EXERCISE DESCRIPTION:
All pictures are to be dropped, and everything else in the data duplicated exactly.

DATA:
--------------------------------------------------

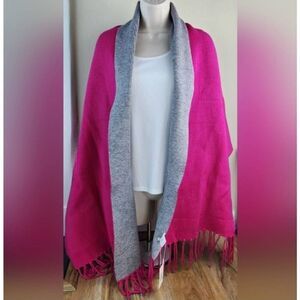 🔸️NWT Hot Pink & Gray Fringe Lined Sweater Shawl Scarf One Size
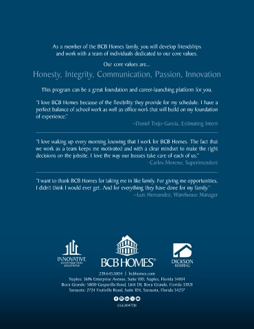 As a member of the BCB Homes family, you will develop friendships PROGRAM
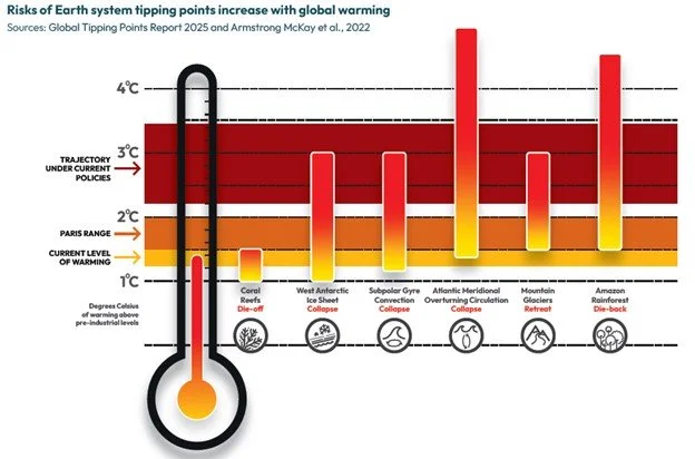 Het rapport van de NGO uit 2025 bevat de volgende samenvatting van vermeende, door de opwarming van de aarde versterkte kantelpunten waarmee onze aarde wordt geconfronteerd. De verticale balken in de onderstaande afbeelding geven het bereik weer van de verwachte temperatuurstijgingen die verschillende omslagpunten zouden activeren. De vermeende nabijheid van de kantelpunten in het rapport komt tot uiting in het feit dat de ondergrenzen van alle balken zich in de huidige opwarmingsband bevinden.

--------------------------------------------------

RESPONSE:
 🔸️NWT Hot Pink & Gray Fringe Lined Sweater Shawl Scarf One Size
 As a member of the BCB Homes family, you will develop friendships PROGRAM
 Het rapport van de NGO uit 2025 bevat de volgende samenvatting van vermeende, door de opwarming van de aarde versterkte kantelpunten waarmee onze aarde wordt geconfronteerd. De verticale balken in de onderstaande afbeelding geven het bereik weer van de verwachte temperatuurstijgingen die verschillende omslagpunten zouden activeren. De vermeende nabijheid van de kantelpunten in het rapport komt tot uiting in het feit dat de ondergrenzen van alle balken zich in de huidige opwarmingsband bevinden.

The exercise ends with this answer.